INTERNACAO DE MENOR. CONSTRANGIMENTO ILEGAL. INEXISTENCIA. ORDEM DENEGADA. "Habeas Corpus". Estatuto da Criança e do Adolescente. Atos infracionais análogos ao artigo 12 da Lei n. 10.826/03 e artigos 33 e 35 da Lei n. 11.343/06. Alegação de que a decisão que decretou a internação provisória é desprovida de fundamentação, sem referência a fato relevante que demonstrasse a necessidade imperiosa para a mesma, a qual não fixa prazo para a internação, além de não haver permissão legal para sua aplicação na hipótese de tráfico de entorpecente. Pedido: concessão da liberdade. A decisão impugnada se apresenta razoavelmente fundamentada, demonstrando a imperiosa necessidade da internação. O tráfico de drogas reveste-se de intensa violência e periculosidade, o que se evidencia pelo enorme número de crimes e atos infracionais relacionados diretamente com aquela nefasta atividade, constituindo incontestável grave ameaça à ordem social. Correta a aplicação da medida sócio-educativa de internação, afastando o menor da convivência altamente perniciosa com os traficantes da comunidade onde reside, possibilitando sua reeducação e reintegração à família e à sociedade, medida que se apresenta em plena consonância com o artigo 227 da Constituição Federal. O prazo de 45 dias previsto no artigo 108, "caput", da Lei n. 8.069/90 não se esgotou, e o processo está na iminência de ser julgado. Inexistência de constrangimento ilegal. Ordem denegada. (TJRJ. HC - 2007.059.07176. JULGADO EM 22/11/2007. OITAVA CAMARA CRIMINAL - Unanime.

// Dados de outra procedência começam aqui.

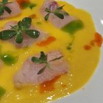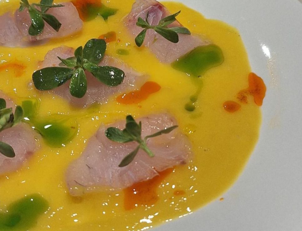 Róbalo con aguachile de mango, aceite de chistorra y verdolagas, foto de Miriam Carmo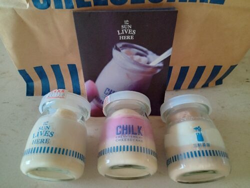ケーキと言っても、懐かしいのヨーグルト瓶に入ったCHILKは、三層の秘密の瓶詰めチーズケーキです。

RELATOR DESEMBARGADOR MARCUS QUARESMA FERRAZ)


HABEAS CORPUS – CONSTRANGIMENTO ILEGAL POR EXCESSO DE PRAZO NA FORMAÇÃO DA CULPA – PRISÃO EM FLAGRANTE – RÉU DENUNCIADO POR INFRAÇÃO AO ART. 155, CAPUT, C/C O ART. 14, II, DO CP, E ART. 12 DA LEI Nº 6.368/76 – PENDÊNCIA DE EXAME DE DEPENDÊNCIA TOXICOLÓGICA – PERÍCIA MARCADA PARA O PRÓXIMO DIA 14/02/2001 – Processo cuja instrução se definirá em 124 dias. Excesso de prazo inexistente, considerados os 81 dias deferidos para o encerramento da instrução, em processo penal por crime comum, e o prazo para realização do exame de dependência toxicológica (30 dias em dobro), totalizando 141 dias. Ordem denegada. (TJSC – HC 01.000023-2 – C.Fér. – Rel. Des. Cesar Abreu – J. 31.01.2001)

COACAO NO CURSO DO PROCESSO. DESCLASSIFICACAO DO CRIME. AMEACA. REMESSA DOS AUTOS. JUIZO DE ORIGEM. LEI N. 9099, DE 1995. Coação no curso do processo. Tipicidade. Especial fim de agir. Prova. Desclassificação. Incidência de medidas despenalizadoras. O crime do artigo 344 do CP exige dolo específico, ou seja, o especial fim de agir consistente em favorecer interesse próprio ou alheio, objetivando algum favor no curso de um processo. No caso, não há qualquer referência ao interesse do réu de ser de algum modo favorecido no processo que respondia por agredido a vítima anteriormente, seja no depoimento desta, seja em qualquer outro elemento de prova. Desse modo, o tipo a ser identificado na hipótese é o definido no artigo 147 do CP já que, inegavelmente, a paz de espírito e a tranquilidade da vítima foram afetadas. Operada a desclassificação, sendo cabível a incidência de medidas, é dever de o Juiz suscitar a manifestação do Ministério Público, não o podendo fazer o Tribunal, sob pena de suprimir-se uma instância. Precedentes do STF e STJ. (TJRJ. AC - 2007.050.01946. JULGADO EM 24/07/2007. TERCEIRA CAMARA CRIMINAL - Unanime. RELATOR: DESEMBARGADOR RICARDO BUSTAMANTE)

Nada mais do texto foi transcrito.